======== Material for this exercise
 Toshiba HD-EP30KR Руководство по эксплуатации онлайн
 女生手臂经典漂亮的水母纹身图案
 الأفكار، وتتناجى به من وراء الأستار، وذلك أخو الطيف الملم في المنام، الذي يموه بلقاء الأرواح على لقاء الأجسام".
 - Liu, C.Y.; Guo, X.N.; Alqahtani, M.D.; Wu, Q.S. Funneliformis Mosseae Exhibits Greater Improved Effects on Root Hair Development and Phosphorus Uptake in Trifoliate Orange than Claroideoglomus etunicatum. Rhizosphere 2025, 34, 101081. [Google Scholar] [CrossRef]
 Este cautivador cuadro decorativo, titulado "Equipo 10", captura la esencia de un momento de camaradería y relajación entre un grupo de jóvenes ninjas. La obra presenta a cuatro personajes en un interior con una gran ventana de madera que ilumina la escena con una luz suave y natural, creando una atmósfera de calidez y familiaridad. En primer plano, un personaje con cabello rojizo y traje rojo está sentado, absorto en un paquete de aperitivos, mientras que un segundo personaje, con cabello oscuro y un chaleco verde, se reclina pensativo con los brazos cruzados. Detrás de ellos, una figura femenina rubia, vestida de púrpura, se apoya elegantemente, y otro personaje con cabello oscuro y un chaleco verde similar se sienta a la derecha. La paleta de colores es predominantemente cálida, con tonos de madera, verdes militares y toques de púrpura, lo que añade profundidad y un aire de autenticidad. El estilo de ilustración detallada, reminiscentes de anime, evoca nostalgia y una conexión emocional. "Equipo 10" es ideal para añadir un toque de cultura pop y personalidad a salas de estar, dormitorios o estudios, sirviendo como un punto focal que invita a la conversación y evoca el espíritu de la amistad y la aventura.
================
======== Material for this exercise
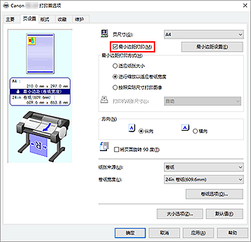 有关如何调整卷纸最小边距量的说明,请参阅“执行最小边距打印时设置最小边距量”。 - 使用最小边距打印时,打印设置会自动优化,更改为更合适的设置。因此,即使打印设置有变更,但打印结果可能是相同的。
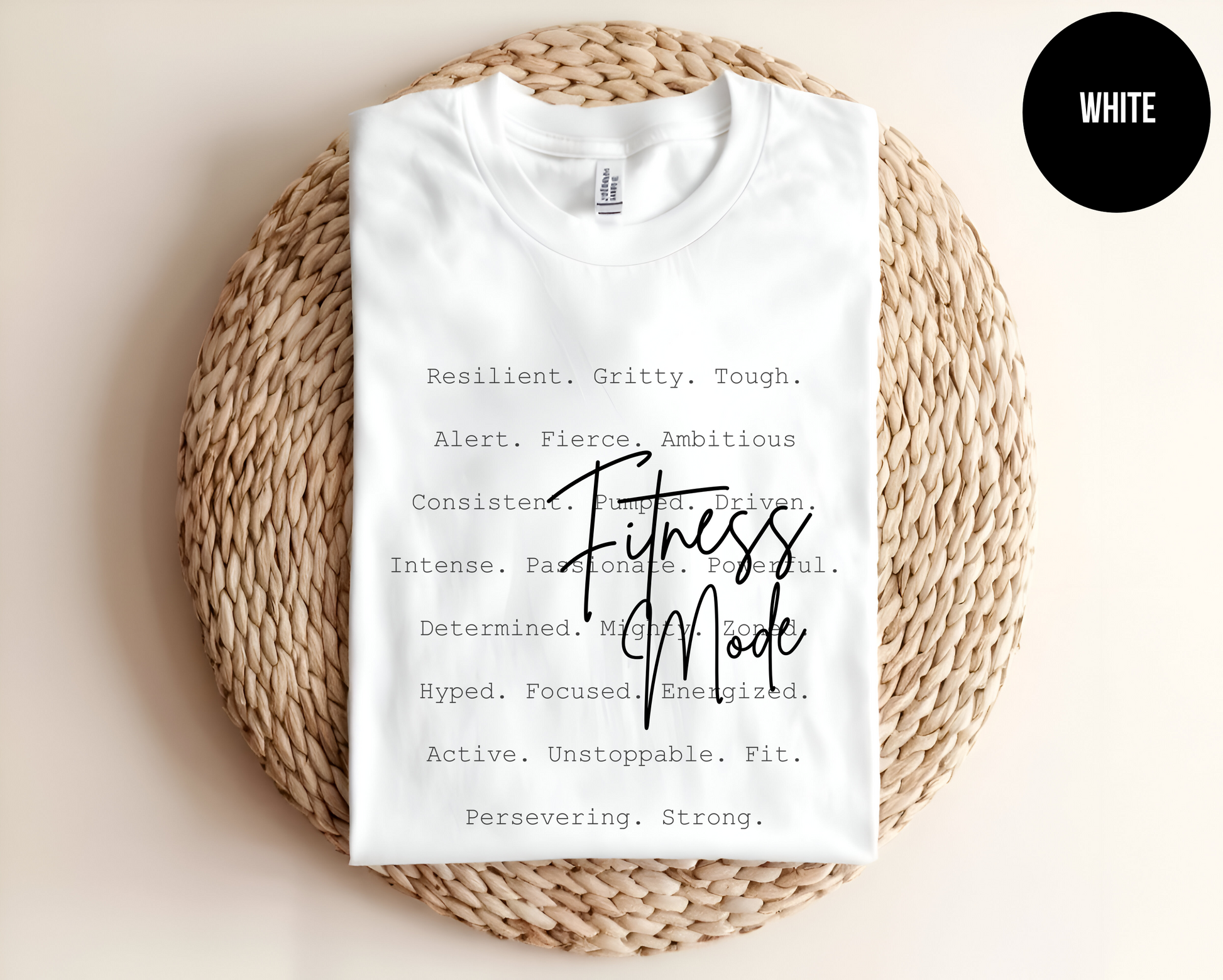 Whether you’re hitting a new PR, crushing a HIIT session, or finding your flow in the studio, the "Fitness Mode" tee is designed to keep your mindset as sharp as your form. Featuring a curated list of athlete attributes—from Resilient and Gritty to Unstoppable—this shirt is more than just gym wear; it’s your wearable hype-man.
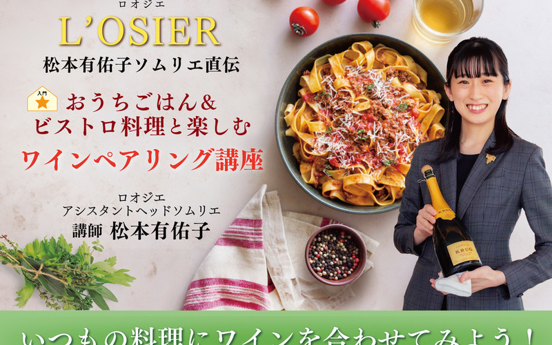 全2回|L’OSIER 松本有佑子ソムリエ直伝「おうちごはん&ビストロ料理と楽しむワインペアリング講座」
================
> [Assignment]: All that is wanted is a faithful reproduction of the line above with "الأفكار، وتتناجى به", the line with "- Liu, C.Y.;", and every line in between.

> [Answer space]:
 الأفكار، وتتناجى به من وراء الأستار، وذلك أخو الطيف الملم في المنام، الذي يموه بلقاء الأرواح على لقاء الأجسام".
 - Liu, C.Y.; Guo, X.N.; Alqahtani, M.D.; Wu, Q.S. Funneliformis Mosseae Exhibits Greater Improved Effects on Root Hair Development and Phosphorus Uptake in Trifoliate Orange than Claroideoglomus etunicatum. Rhizosphere 2025, 34, 101081. [Google Scholar] [CrossRef]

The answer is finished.